When it comes to budgeting for seemingly smaller wedding-related items, such as glassware, it's best to have a sense of how much you'll really need. Before you do anything, we recommend talking with your caterer about what's included in their pricing. They've likely included some basic stemware for your bar and your dining tables in their overall quote. If you haven't yet hired a caterer, or you're handling all your own glassware and bar setup, a tool like Savoury Chef's Glassware Calculator can be a tremendous help. Once it comes time to place your order for glassware, you'll likely have the help of a rental company and your caterer to guide you through the specifics and confirm that you really do need that many glasses. Here are some of the basic questions you'll need to answer before placing any glassware orders for your wedding.

Who's responsible for ordering glassware?

In most cases, the couple won't be the ones actually placing the glassware order. If you have a wedding planner or designer, this is something they'll take on. Otherwise, it usually falls to the catering team or bar manager. Check in with your team to confirm who's going to be responsible so that you can begin making your selections. Not working with any of these types of professionals? Then glassware rentals will likely fall into your purview.

How many types of glassware will the bar need?

Your bar manager or catering team should be able to advise on how many types of glassware will be needed. In most cases, you'll want beer glasses, white wine glasses, red wine glasses, cocktail glasses, Champagne glasses, and water glasses at the bar. Depending on your bar menu, you might also want to include shot glasses (unless you're discouraging shots), lowball glasses, and dessert wine glasses.

How many types of glassware will be on the dinner tables?

Between chargers, flowers, candles, and platters, most wedding reception tables are pretty limited in space. Unless you plan to serve multiple wine varietals in their own glasses, you can usually plan to have one water glass and one or two wine glasses per person. If you're planning a Champagne toast, you'll also want to include a Champagne glass. Alternatively, you can encourage guests to toast with whatever they have in hand during dinner.

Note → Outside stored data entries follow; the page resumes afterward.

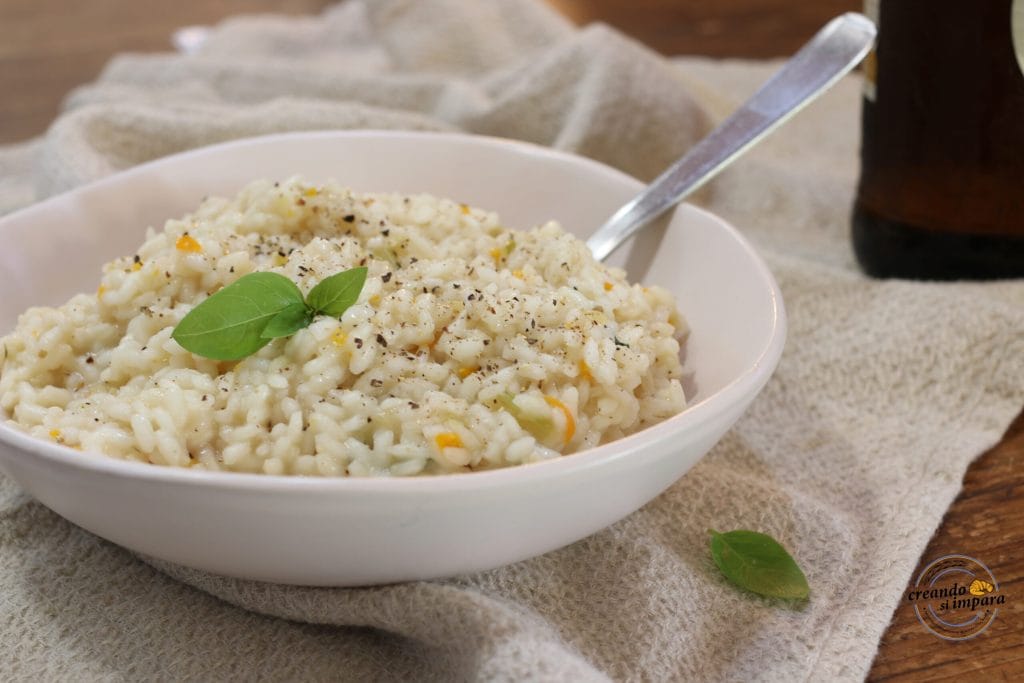 An unusual first course, customizable using your favorite beer, beer risotto is really easy. At home, we love risottos, creamy and enveloping. Preparing them requires a certain care and, maybe just in my head, a good dose of love. I have now made risotto with anything, but I was missing beer, and I had to remedy that. It was really liked.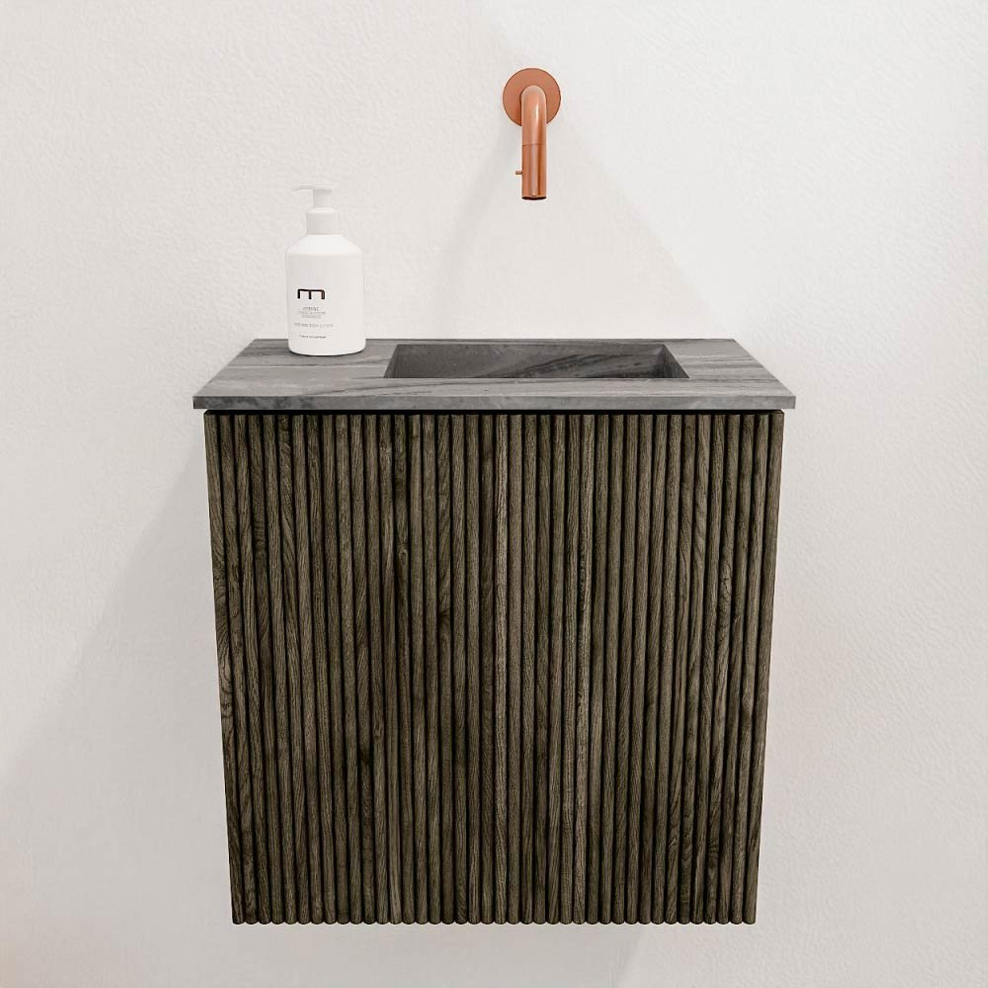 Mondiaz JOYA-DLUX 40cm toiletmeubel - kleur Shadow - Wastafel FAYE positie Rechts Zonder kraangat kleur Sombra.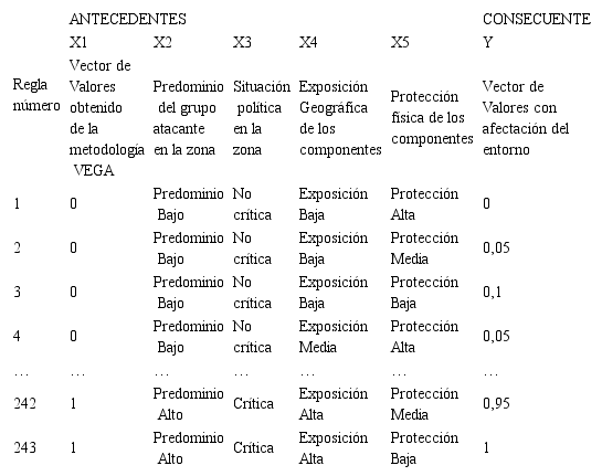El T2FLS propuesto para calcular el vector de valores afectado por el entorno Y(X) utiliza la base de reglas mostrada en la Tabla 2. Cada regla tiene cinco antecedentes y un consecuente (Para la regla i). La regla número 1 representa la condición menos atractiva para el atacante ya que el valor del componente es 0, el predominio del grupo atacante en la zona es bajo, la situación política en la zona no es crítica, el componente del sistema de potencia no está expuesto y la protección física del componente es alta. Por otro lado, la regla número 243 presenta la condición más atractiva para el atacante ya que el valor del componente es 1, el predominio del grupo atacante es alto, la situación política en la zona es crítica, el componente del sistema de potencia está expuesto y la protección física del componente es baja. El número de reglas es 35=243, ya que son cinco antecedentes, cada uno de los cuales tiene 3 estados. Se puede observar que el vector de valores con afectación del entorno Y, es una función de X1, X2, X3, X4 y X5. El T2FLS realiza un mapeo del espacio de entrada al espacio de salida utilizando la base de reglas de la Tabla 2 (La tabla completa se puede descargar de http://tinyurl.com/zmesusp).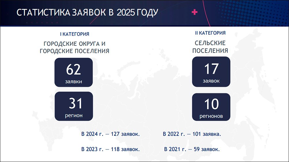 В конкурсе участвуют муниципальные округа, городские округа (городские округа с внутригородским делением) и городские поселения (I категория); сельские поселения (II категория). В этом году в конкурсе приняли участие представители городских округов и сельских поселений из 31 региона России.
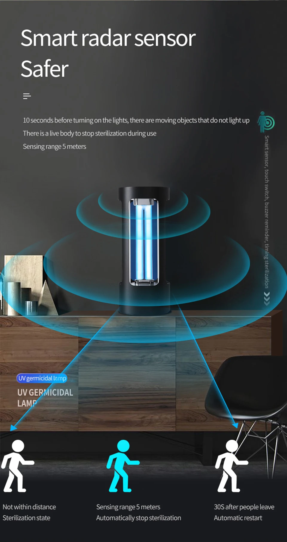 1. Функция радиолокационного обнаружения/обнаружения человека: он может распознавать людей и животных в пределах 5-8 метров. Когда люди и животные приближаются, УФ-лампы перестают работать. После того, как люди и животные уходят, лампы UVC могут работать нормально.

Will any glasses be reused?

Remember that most venues don't offer dish washing services during a wedding, so you're going to need enough glasses for each guest to have multiple drinks throughout the course of the evening. Of course, some guests will be happy to have their wine glasses refilled, but you'll need to plan for a new cocktail glass with every visit to the bar. Keep in mind that a lot of guests misplace their drinks throughout the night and often return to the bar empty handed.

Will beer be served in bottles?

If your plan is to serve beer in bottles throughout the event, you don't need to provide glasses for this.

Do you need any specialty glasses?

You'll likely want to include an additional type of glassware for things like specialty cocktails, or any catering presentations that require glassware. This might include something like oyster shooters, sorbet, or affogato.

Is there a rule of thumb for ordering extra glassware?

You'll want to allow a little extra glassware in case there's any breakage during transportation or any other surprises. Your caterer will be able to advise on how much extra is needed for your guest count, but the general rule of thumb is to order about 10% more than you actually need.